#### ASSIGNED TASK:
Copy only the lines from the one containing "A pair of plastic" through the final line of the records below, exactly as written, with no pictures.

#### INFORMATION SUPPLIED:
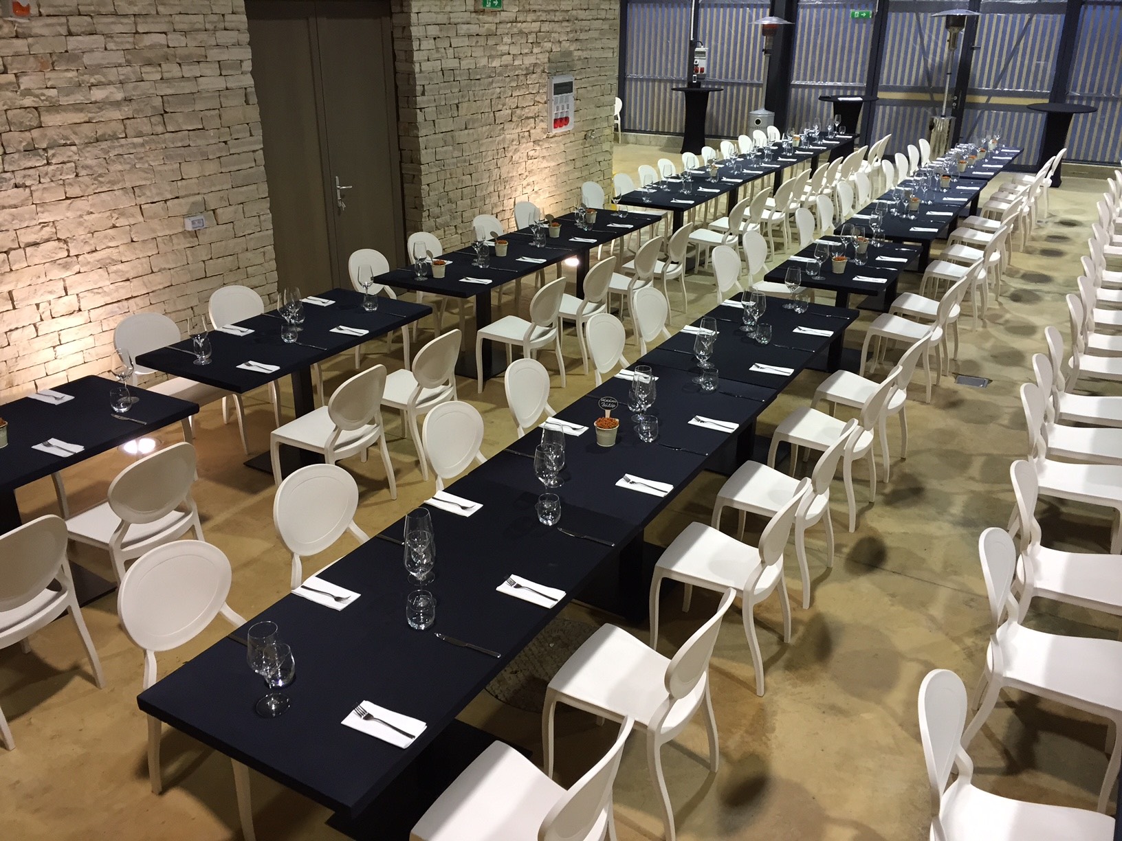 asztal, fekete spandex huzattal
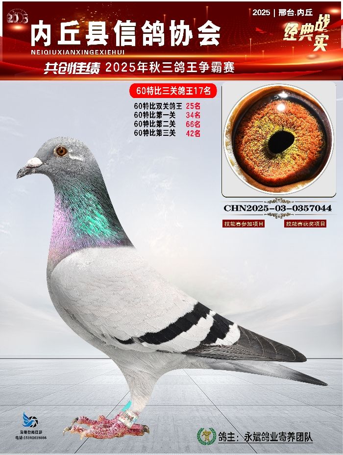 | 1615844 | 60特比三关鸽王亚军 精英赛冠军 | ¥400元 | 3次 |
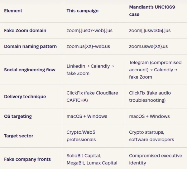 Дослідники помітили збіг тактики з методами угрупування UNC1069, яке атакує криптопроєкти з 2018 року. Аналітики Mandiant раніше пов’язували його з Північною Кореєю. Злочинці використовують ідентичні структури шкідливих посилань і подібні сценарії обману через фальшиві відеодзвінки.
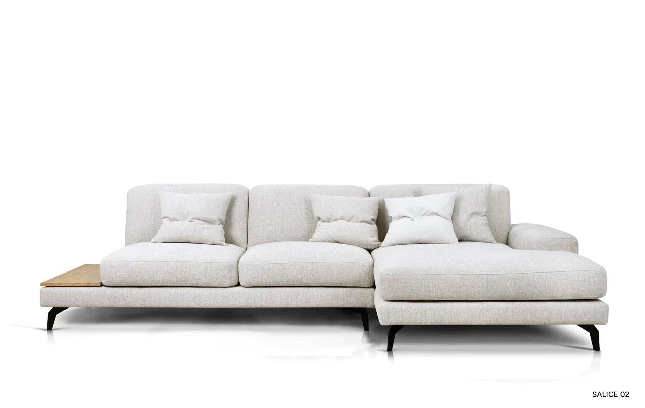 To, co odlišuje rohový gauč Enjoy od ostatního nábytku, je inovativní možnost přeměny jednoho z polštářů na praktický stůl. Tato funkčnost umožňuje volně postavit šálek s oblíbeným nápojem nebo noční lampičku, což činí rohový gauč ještě univerzálnějším.
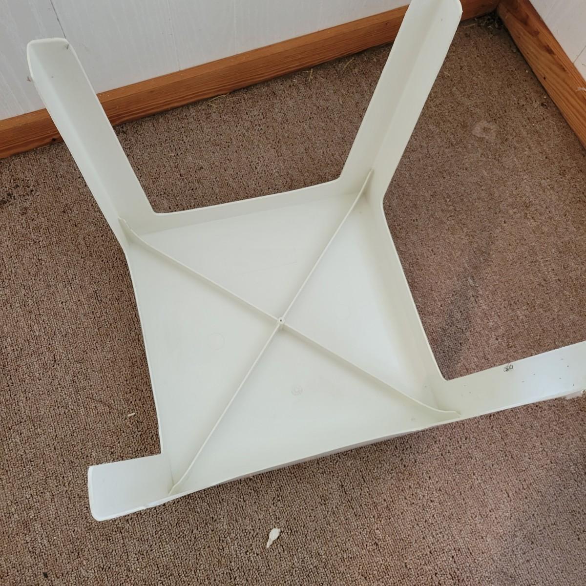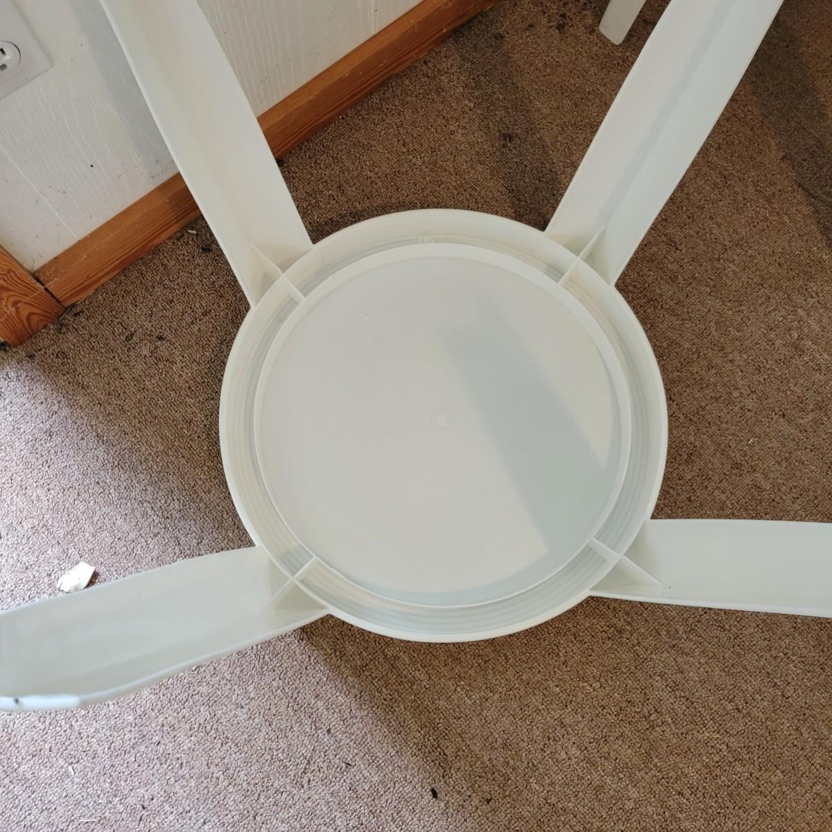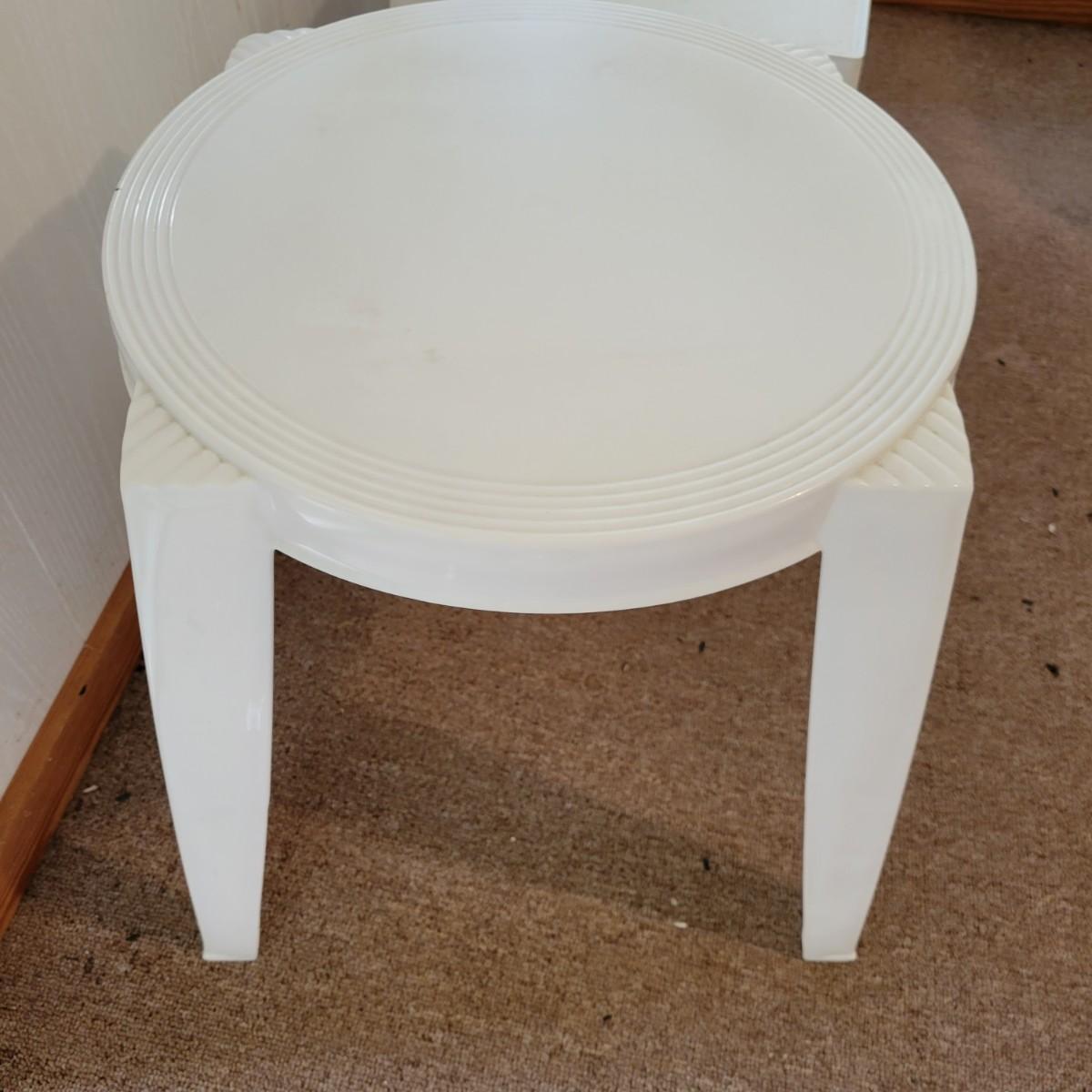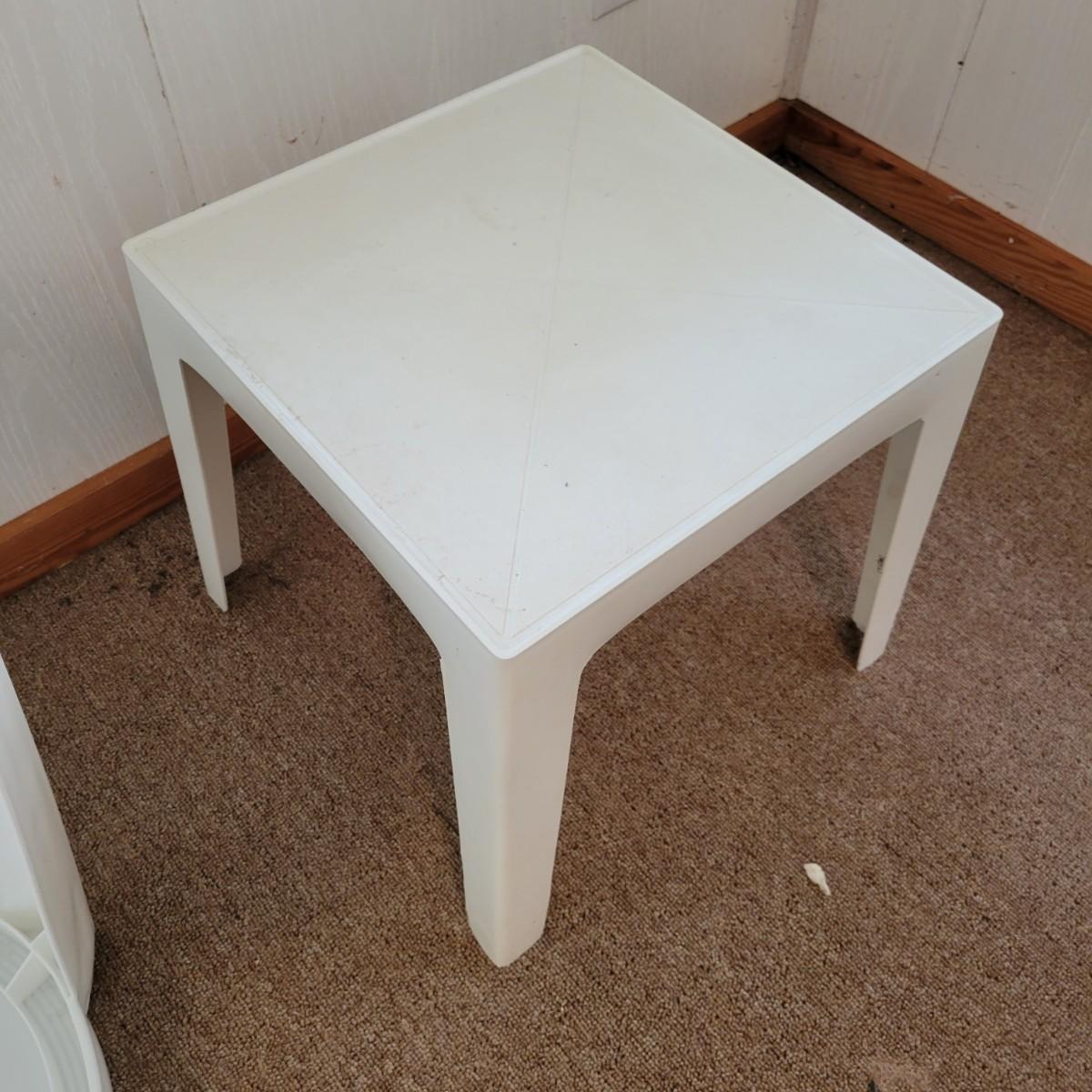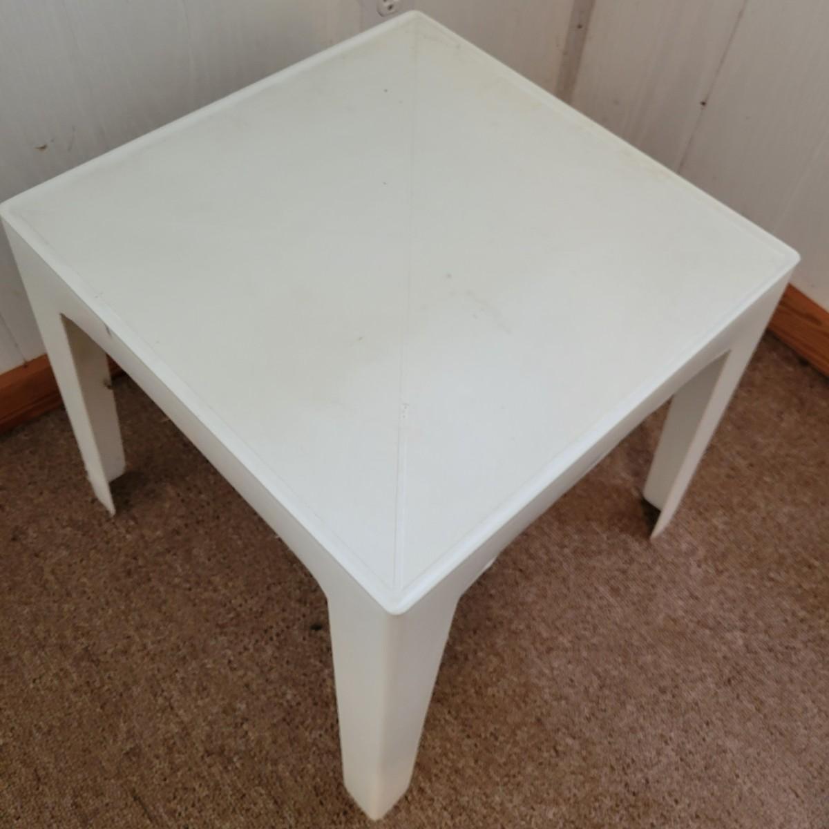 A pair of plastic outdoor side tables. The largest round table measures approximately 18"D x 20"H. Local pickup only
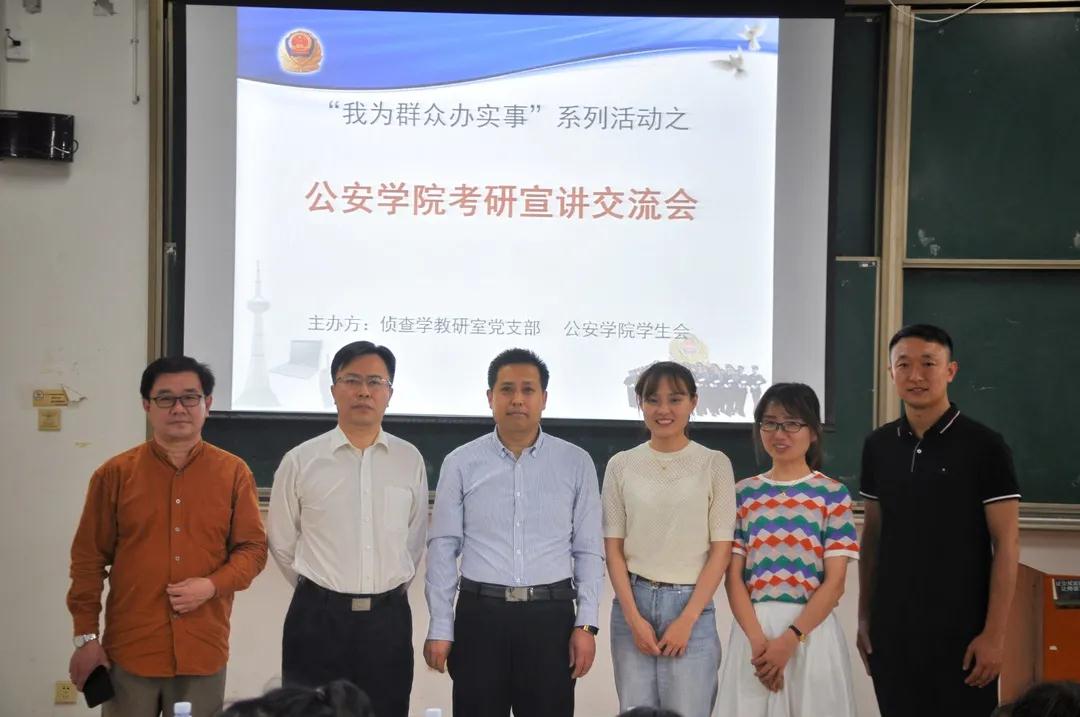 侦查学党支部在Aj21教室举办考研经验交流分享会,邀请学院侦查学党支部教师党员许志老师、闫小军老师、桂梦美老师、胡德葳老师,刑事科学技术党支部王霄老师、卫燕茹老师结合自身实际经历向同学们传授备考经验。侦查学党支部书记胡德葳老师主持此次分享会。
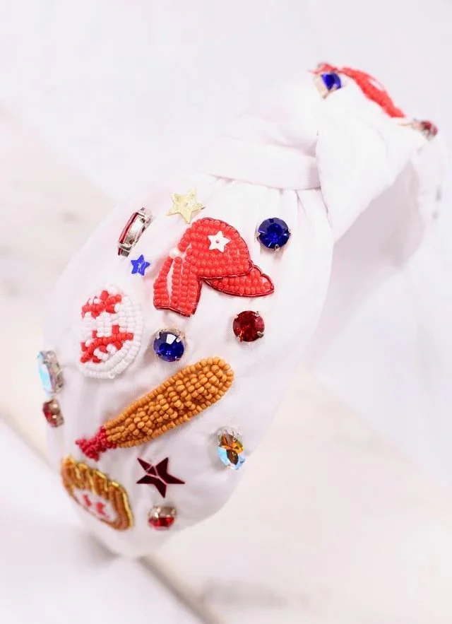 Get ready for the ball game with this beaded embellished headband. It features baseballs, bats, and helmets with accent rhinestones and sequins.
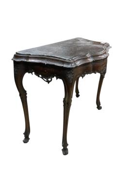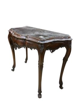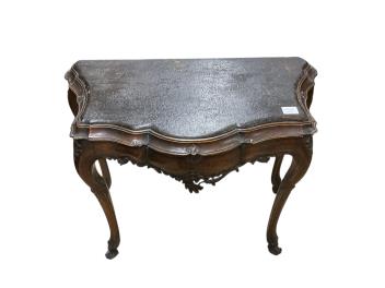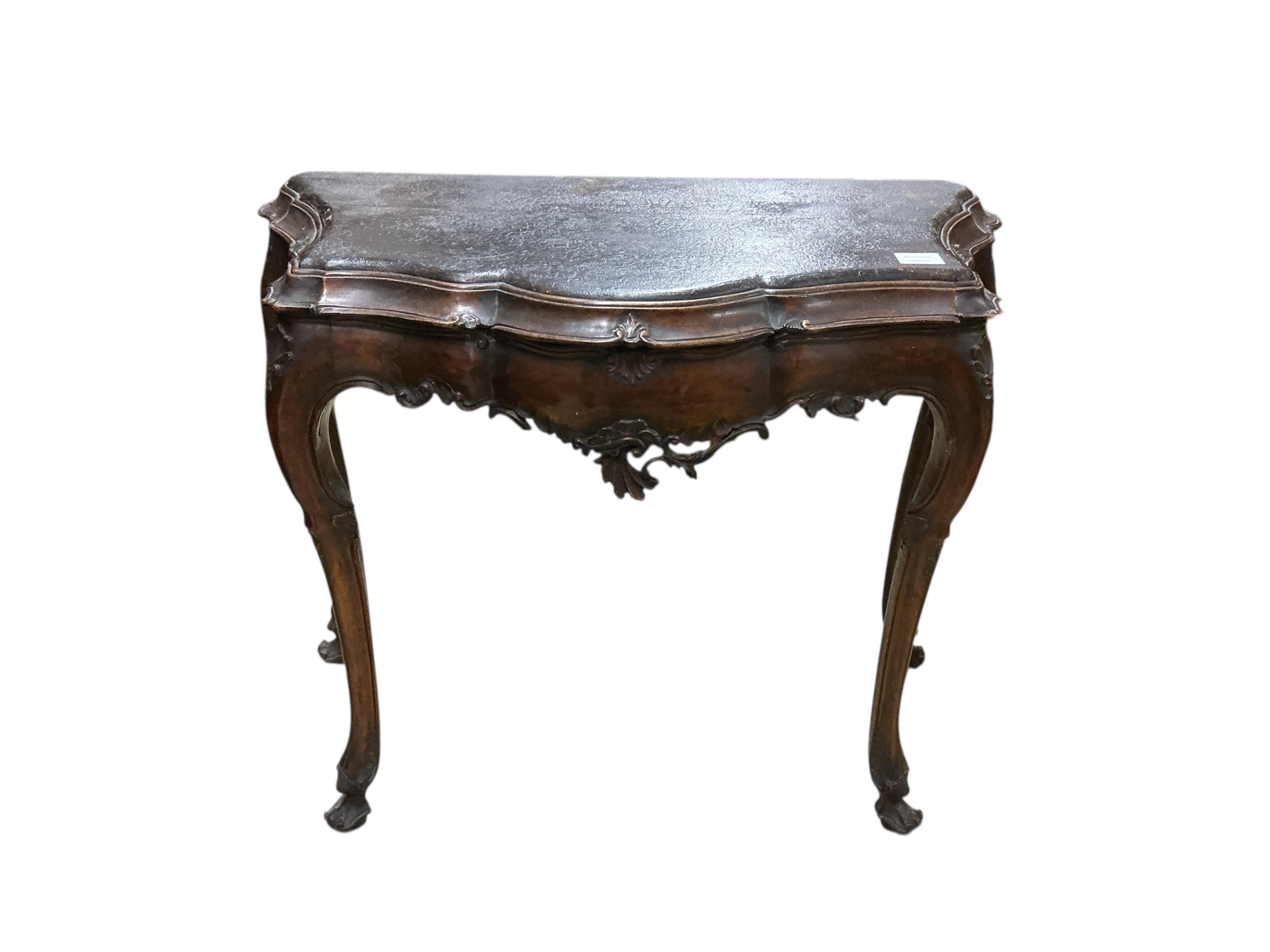 Lot 1077 , An 18th century style Italian serpentine leather topped walnut console table (adapted), width 84cm, depth 42cm, height 68cm

#### RESULT OF THIS TASK:
 A pair of plastic outdoor side tables. The largest round table measures approximately 18"D x 20"H. Local pickup only
 侦查学党支部在Aj21教室举办考研经验交流分享会,邀请学院侦查学党支部教师党员许志老师、闫小军老师、桂梦美老师、胡德葳老师,刑事科学技术党支部王霄老师、卫燕茹老师结合自身实际经历向同学们传授备考经验。侦查学党支部书记胡德葳老师主持此次分享会。
 Get ready for the ball game with this beaded embellished headband. It features baseballs, bats, and helmets with accent rhinestones and sequins.
 Lot 1077 , An 18th century style Italian serpentine leather topped walnut console table (adapted), width 84cm, depth 42cm, height 68cm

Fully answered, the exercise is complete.